• Your instructions
Starting with the line that has "Công tác khoan" in the records below and ending with the line that has "步骤六.选中图片在格式的选项里将颜色设置成透明色然后点击图中的白色就完成了。", output those lines exactly and nothing more; omit the pictures.
######
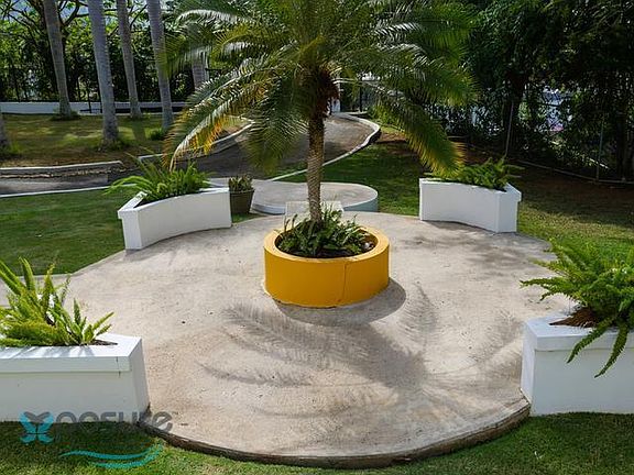 Hacienda Alto Quintin-This unique home, with a total of 3,335 s/f of living area, was inspired by the Spanish hacienda style and the Pueblo style of New Mexico. It is a fusion between these two traditional and colorful styles. This house has many details that were custom made especially for her. It's like living in a work of art. The different types of stucco finish, the gallery walkways surrounding the main fountain, and his creative work on the tile patterns in the floor, bathrooms, and kitchen make this home one of a kind. Cathedral ceilings that let in natural light and an open floor plan will give you a good feeling of space. On the first floor the house has two porches, one of 129 s/f and the other of 174 s/f, 3 bedrooms, 2.5 bathrooms, kitchen, laundry and a high ceiling great room with the formal dining room and living room. The main room is huge, with its dressing room and its bathroom. On the second floor it has a library (art studio or home office) and an open terrace of 1,701 s/f ideal for spending time in the afternoons with family and friends. You can use the basement for storage or easily transform it into a wine cellar. The 807 s/f garage has plenty of room for 3-4 cars. One of the attributes that gives a lot of character to this plantation house is the small square in front and the outdoor fountain. If you like to enjoy nature, this will be your favorite place. The lot is 6,005 square meters completely surrounded by trees and lush landscaping with over 50 palm trees and island ferns making it very attractive to the eye and at the same time very private. Hacienda Alto Quintin is located in Quebradillas, a beautiful small town in the northwestern part of Puerto Rico. It is located just 35 minutes from the Aguadilla Airport and 10 minutes from the beach. For presentations it is necessary to book at least one week in advance..
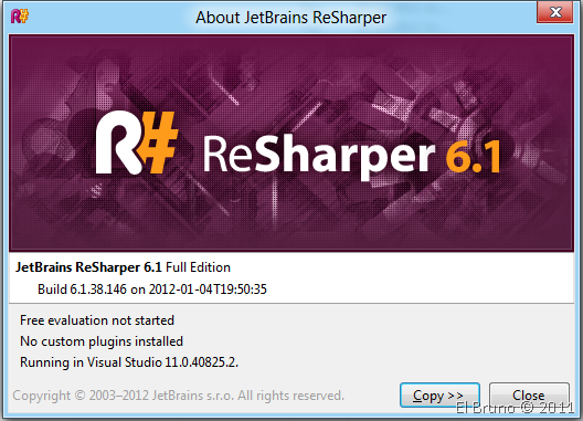hace un tiempo que he dejado de utilizar Visual Studio 2010 para mis desarrollos del día a día. Salvo cuestiones puntuales como desarrollos para Windows Phone o cosas raras, Visual Studio 11 es mi main dev tool. Ahora bien, desde hace ya bastante tiempo, Visual Studio no es Visual Studio si no tienes ReSharper y claro, los chicos de JetBrains no podían quedarse atrás y ya han liberado una versión que soporta el IDE de VS11. Después de lanzar la pregunta por twitter, la respuesta de @hhariri fue inmediata >> http://blogs.jetbrains.com/dotnet/2011/11/resharper-61-eap-for-visual-studio-2011/
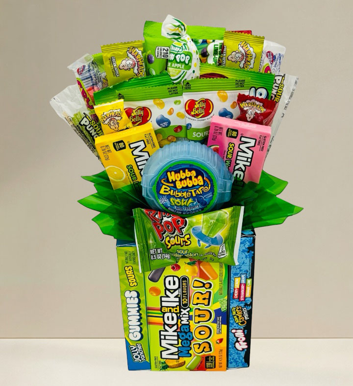 Get ready to tantalize your taste buds with our Pucker Up Sour Candy Bouquet! This bouquet is perfect for sour candy lovers who crave a burst of tangy, lip-puckering flavors.
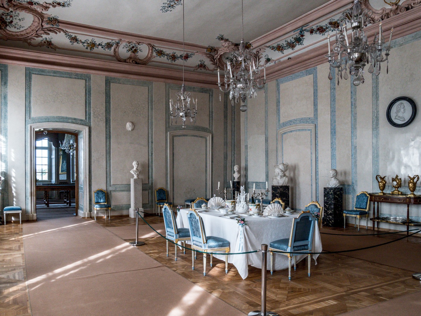 Le même thème continue au salon italien, avec de la soie bleue en guise de décoration, plutôt que rouge. Il témoigne de l’amour du duc Peter pour l’Italie où il ne passa pas moins d’un an, en famille, entre Rome, Florence ou Venise. De là, on passe à la salle à manger personnelle du duc, qui mêle textures sobres et plafonds richement décorés de stucs colorés. La table est dressée comme s’y on attendait les Courlande et leurs invités à tout moment.
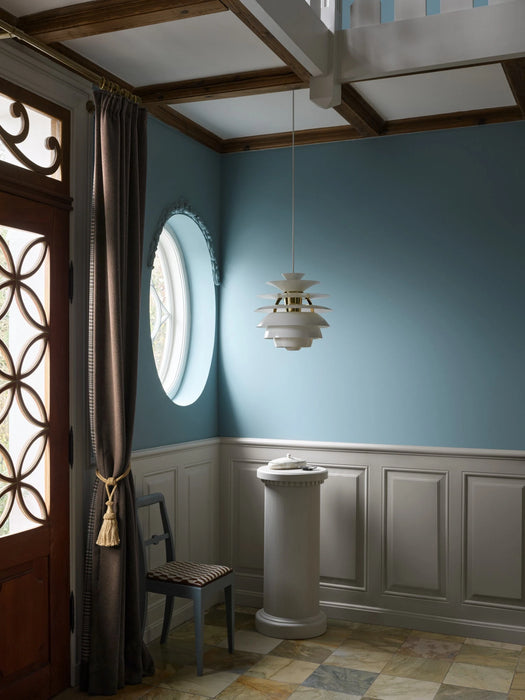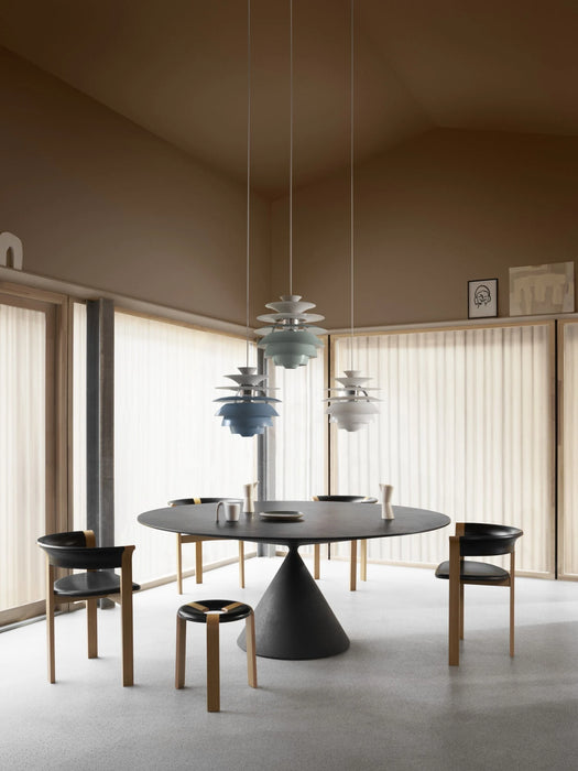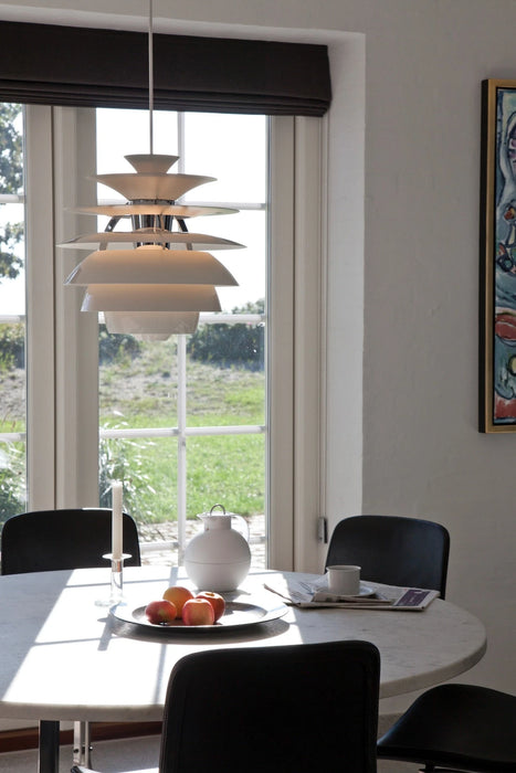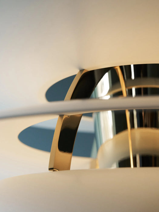 看起來像百頁窗一樣的 PH Snowball 雪球吊燈,採用了磨砂噴漆的葉片,燈葉內側以粗糙處理,表面以亮面處理,從而讓燈光以更舒適的色澤從上而下透出,散發出舒服的無眩散射光,燈光亮起時,燈葉上半部較亮,漸層往下半部則變暗,令整個房間的環境更為柔和融洽,形成一幅美麗自然的立體景緻。
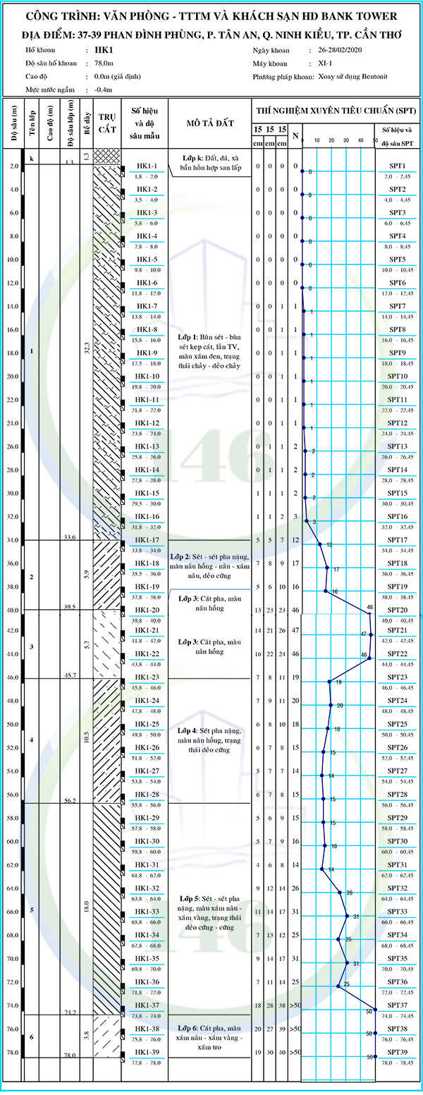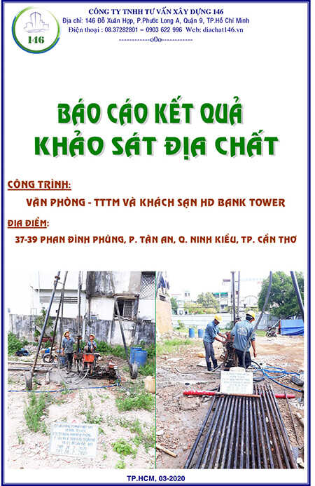 Công tác khoan khảo sát địa chất công trình “VĂN PHÒNG – TTTM VÀ KHÁCH SẠN HD BANK TOWER” đã được đội khoan khảo sát địa chất Công ty TNHH Tư Vấn Xây Dựng 146 thực hiện ngoài hiện trường từ ngày 26/02/2020 đến ngày 04/03/2020 bằng máy khoan cố định, bơm rửa bằng dung dịch sét bentonit và thí nghiệm trong phòng từ 02/03/2020 đến 18/03/2020.
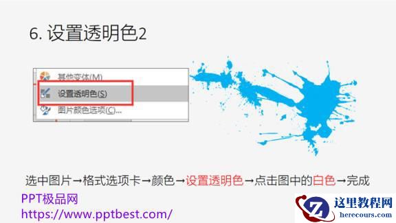 步骤六.选中图片在格式的选项里将颜色设置成透明色然后点击图中的白色就完成了。
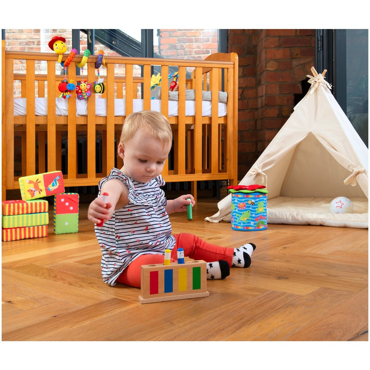 jucarie din lemn amuzanta, conceputa pentru stimularea activitatii de asociere si pentru a incuraja coordonarea mana-ochi a celui mic
######
• Your solution
 Công tác khoan khảo sát địa chất công trình “VĂN PHÒNG – TTTM VÀ KHÁCH SẠN HD BANK TOWER” đã được đội khoan khảo sát địa chất Công ty TNHH Tư Vấn Xây Dựng 146 thực hiện ngoài hiện trường từ ngày 26/02/2020 đến ngày 04/03/2020 bằng máy khoan cố định, bơm rửa bằng dung dịch sét bentonit và thí nghiệm trong phòng từ 02/03/2020 đến 18/03/2020.
 步骤六.选中图片在格式的选项里将颜色设置成透明色然后点击图中的白色就完成了。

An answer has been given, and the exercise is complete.